27.コーヒーと天馬(1)
師走の空は、実香の心のように良く晴れていた。
自然と鼻歌も出てくるご機嫌な実香さんに対して、落ち込んだように暗い表情の連。
そんな連をニヤニヤと、笑いを浮かべながら見ている店長。
「なんで俺のことをニヤニヤしながら見ているんですか。仕事してくださいよ」
面白くなさそうに、店長に言う連。
「そりゃぁ、お前。そんなに暗い顔されてたんじゃ店が暗くなる。
実香のように明るく、笑顔を出して仕事してくれないと」
「俺だって、そうしたいですよ」
「気持ちの問題だろ」
「失ったものが大きすぎます」
「手に入れてないんだから、失ってもいないだろ」
さすが年の功だ、鋭い。
「……もう、いいです。店長には分かりませんよ」
「そうやって、ガキみたいに拗ねるな。だから、振り向いてもらえないんだよ」
「だ・誰が振り向くって言うんですか!」
心の中を読まれたようで、うろたえながらも、何とか立て直そうとする連だが、店長相手ではどうすることもできないようだ。
「大体、俺が落ち込んでいるかなんて、店長に分かるわけないじゃないですか!
店長に何が分かるっていうんですか! 店長みたいなおじさんに。
もう恋なんて遠い過去の人に……分かるわけないですよ」
勢い込んで言ってはみたが、だんだんと語尾が消え入るように小さくなってくる。
店長はそんな連を、面白いヤツだなという顔で見ているのだ。
格好のおもちゃになっていることに、連は全く気がついていないようだ。
「何をしているの? 手が止まってるわよ。店長も、暇つぶししてないで、時間があるなら厨房の掃除をしてください」
店先の掃き掃除を終えて、店内に入ってきた実香が二人を見て言った。
それはまるで、男子が掃除をサボっているのを見咎めた女子のようだ。
二人は顔を合わせると掃除に取り掛かった。
店を開けて一時間もすると、ちらほらと客の姿が見えてくる。
忙しすぎるということはないが、それでも多少は狭い店内を歩き回らねばならない時間があるものだ。
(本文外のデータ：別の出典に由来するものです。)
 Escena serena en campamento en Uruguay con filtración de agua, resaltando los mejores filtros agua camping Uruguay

常連が新聞を広げながら、コーヒーを飲んでいたり、商店街の人がクリスマスキャンペーンを開催するからと、広告を持ってきたり、犬の散歩途中の親子が暖を取りに寄ったりと、結構いろいろな人が出入りするのだ。
そんなにぎやかな時間が過ぎると、いつもののんびりとした、佇むだけの時間がやってくる。
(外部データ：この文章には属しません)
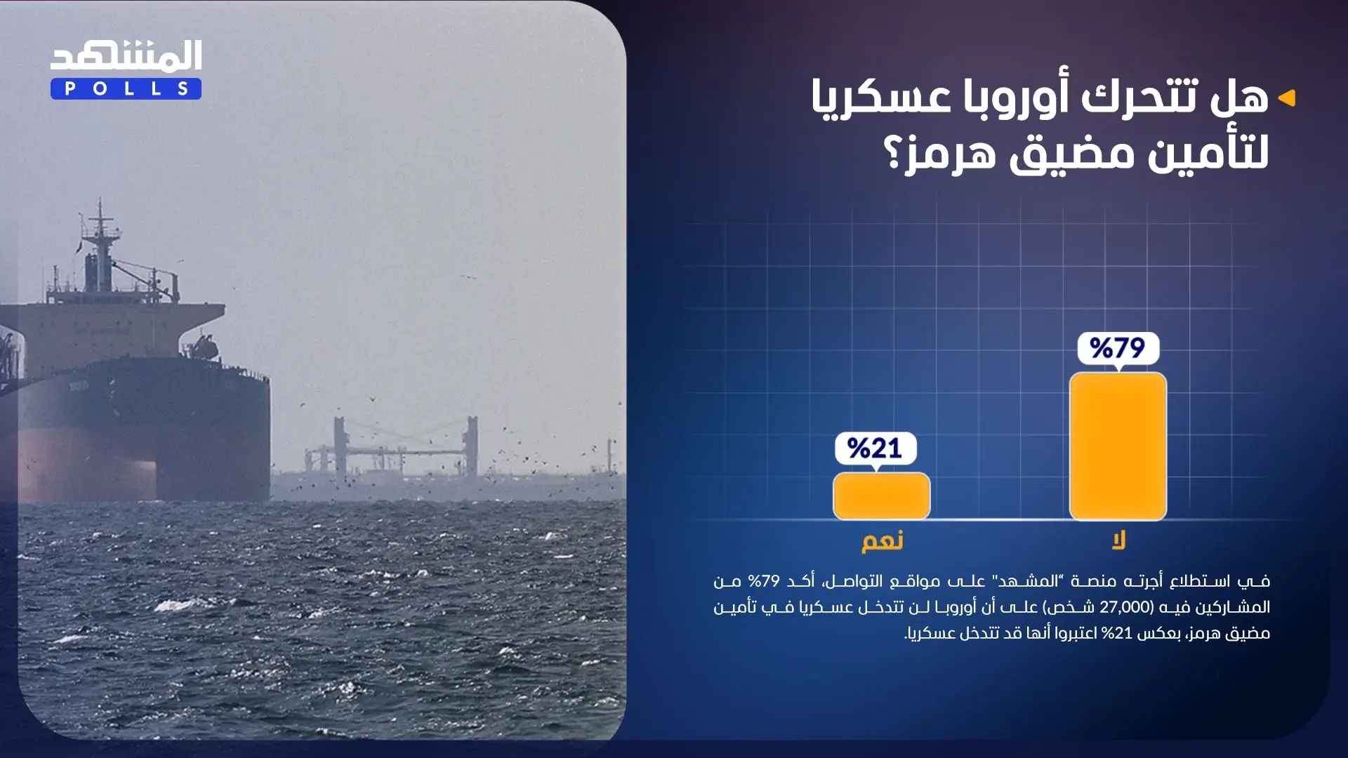 في استطلاع أجرته منصة “المشهد" على مواقع التواصل، أكد 79% من المشاركين فيه (27,000 شخص) على أن أوروبا لن تتدخل عسكريا في تأمين مضيق هرمز، بعكس 21% اعتبروا أنها قد تتدخل عسكريا.

実香と連はカウンターに背をもたせ掛けるように、のんびりと店内に流れる音楽に耳を傾けていた。
時々、思い出したように幸せそうな笑みを浮かべる実香とは対照的に、実香をチラチラと盗み見ては、深くため息を吐く連。
厨房では、新メニューを模索中の店長。
毎度のことだが、新メニューだと言って作るものに美味しいものがないのが残念である。